En Cartagena de Indias, en la Colonia se instauró la Inquisición, una casa en donde enjuiciaban con torturas a quienes no profesaban la religión católica o practicaban ritos diferentes (llamados brujería). 
Atacada muchas veces por piratas y corsarios (entre ellos Roberto Baal, Francis Drake y Eduardo Vernon), a Cartagena la despojaban de sus bienes para luego llevárselos  para España. 
La esclavitud los españoles la establecieron sobre los indios o aborígenes, luego sobre los negros de África, quienes fueron sometidos a toda clase de trabajos y vejámenes, un trato inhumano y cruel. Como eran los tiempos de la Colonia, gobernaban los Virreyes en la Nueva Granada. 
Pero en los aborígenes poco a poco se fue gestando el grito de Independencia, el pueblo se cansó de la sumisión a España, se miraba a los nacidos en estas tierras, como seres inferiores a los del  Imperio Español. Los criollos poco a poco se organizaron: los hermanos Gutiérrez de Piñeres, Pedro Romero (cubano), José María García de Toledo, José Fernández de la Madrid, Manuel Rodríguez Torices, Ignacio Muñoz (el Tuerto Muñoz) y otros. El 11 de Noviembre de 1811, el pueblo organizado por Pedro Romero y los hermanos Piñeres, salieron de Getsemaní y exigieron a la Junta de Gobierno, declarar la Independencia Absoluta de España. 
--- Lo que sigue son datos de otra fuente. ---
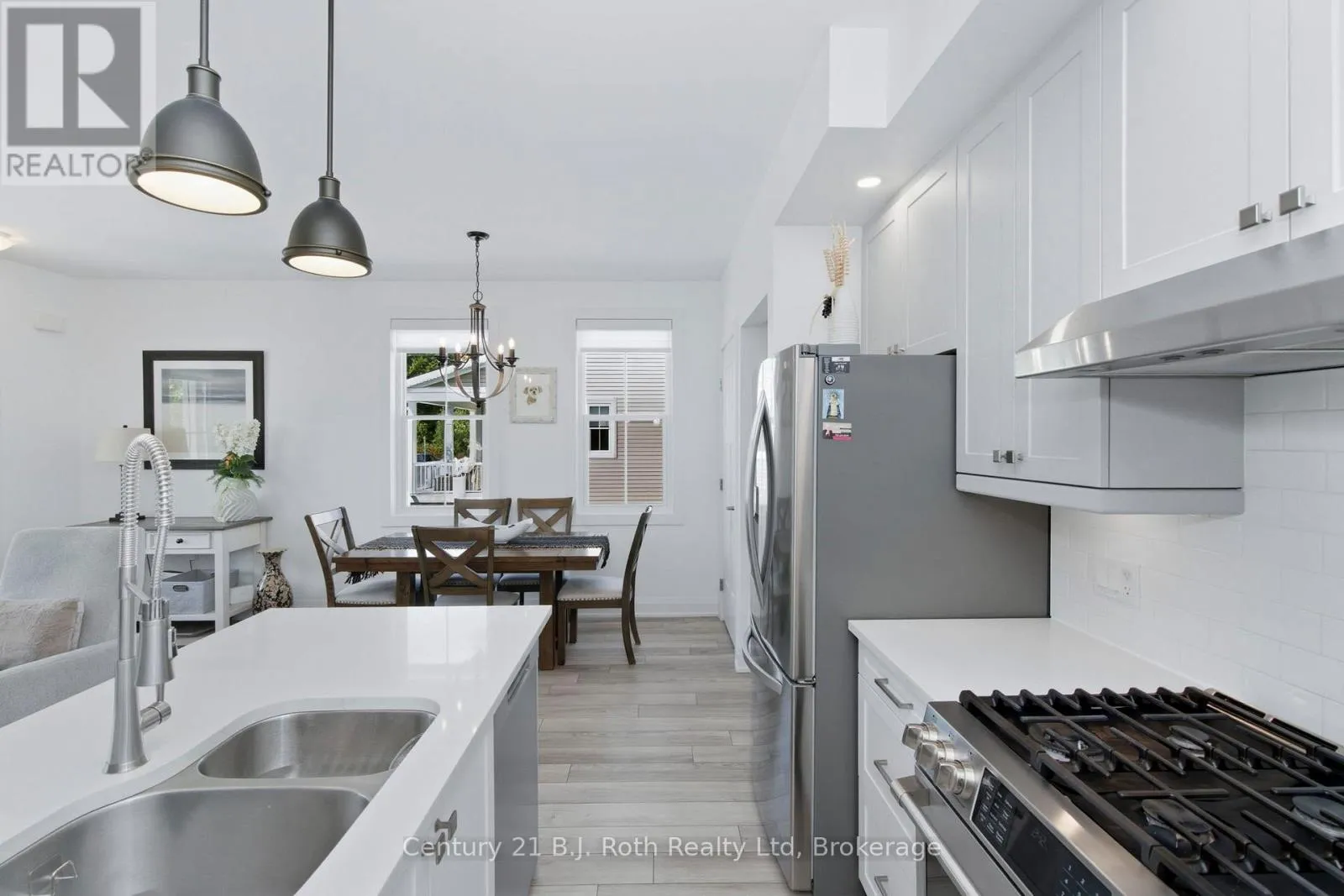 Cross Streets: Hwy 12 and Hanson Rd. ** Directions: Hwy 12 to Hanson Rd right on Thompson, Right on Discovery Trail. SOP. Move in ready. One owner since new. Beautiful home in a charming lifestyle community. All outdoor maintenance is managed by condo corp. Snow removal and grass cutting and much more. SEMI-DETACHED condo home, Single garage, One extra parking, Fully finished basement. So many upgrades. Easy car access to front, side and rear of home. Lots of windows. 9 FOOT CEILINGS on main and upper level. Stunning kitchen with soft close cabinetry, QUARTZ countertops. PANTRY on main floor by kitchen. 33 inch LG stainless steel fridge with outside water and ice dispenser. GE Dual Fuel/Double oven 30 inch stove. High end Samsung front load washer & dryer. Primary bedroom with 3 piece shower ensuite on main level. Also 2 piece washroom on main level. All windows coverings including remote control blinds in great room. 100% oak stairs leading to basement, Natural gas at rear patio for BBQ hookup. Condo fees include snow removal, grass & tree maintenance, window cleaning, replacement of windows, roof, patio. home exterior insurance. Basement is finished for a cozy TV & games room. Storage, laundry room and 2 piece washroom. Upstairs is an office, 2nd bedroom, 3 piece washroom. Come and take a look. Close to Little Lake, Georgian Bay, major stores, LCBO, restaurants, Theatre, Bike trails, town dock, arts centre, parks, place of worship, hospital, library, sports centre and more. Book your showing today. (id:27476)

Es memorable por su crueldad el Sitio de Cartagena, en 1815 España envió un ejército de 20.000 hombres al mando de Pablo Morillo, quien sitió a la ciudad por espacio de 106 días. Después de haber resistido valientemente, la ciudad fue vencida por el hambre, las enfermedades, murieron alrededor de 7.000 cartageneros de los 13.000 que habitaban la ciudad. De  aquel sitio recordando los sucesos encontramos el Camellón de los Mártires. 
«Recordar la historia, se hace necesario, para mirarla como parte de nuestras vidas y crear el sentido de pertenencia», remató la profesora.
Uno de los señores que iba en su automóvil, se bajó, y tomó al Pelícano y lo montó en la acera para que pudiera caminar con tranquilidad, sin faltar quienes gritaban que lo  trasladaran a un organismo oficial  de protección animal. 
         
        Juan V Gutierrez Magallanes, Escritor
Todo aquella vocinglería, parece que tuvo eco en el llanto de un niño que iba con sus padres, se hizo estridente, y lograba balbucear frases de atención para el pobre pelícano, detuvieron el auto y lo subieron sin importarles el lodo. Al poco tiempo ya estaban en un Centro de Protección, lo examinaron y encontraron en una de sus patas una plaquita, es decir, un animal pionero para la investigación de las posibles migraciones que pueden hacer estas aves, cuyo nombre científico es Pelecanus onocrotalus».
La historia que contaba la Maestra, se unió a la travesía dramática del alcatraz. Los niños volvieron a sonreír al contemplar la protección que se le brindaba al pelícano…   
De algún rincón del corazón la solidaridad  había vuelto a renacer.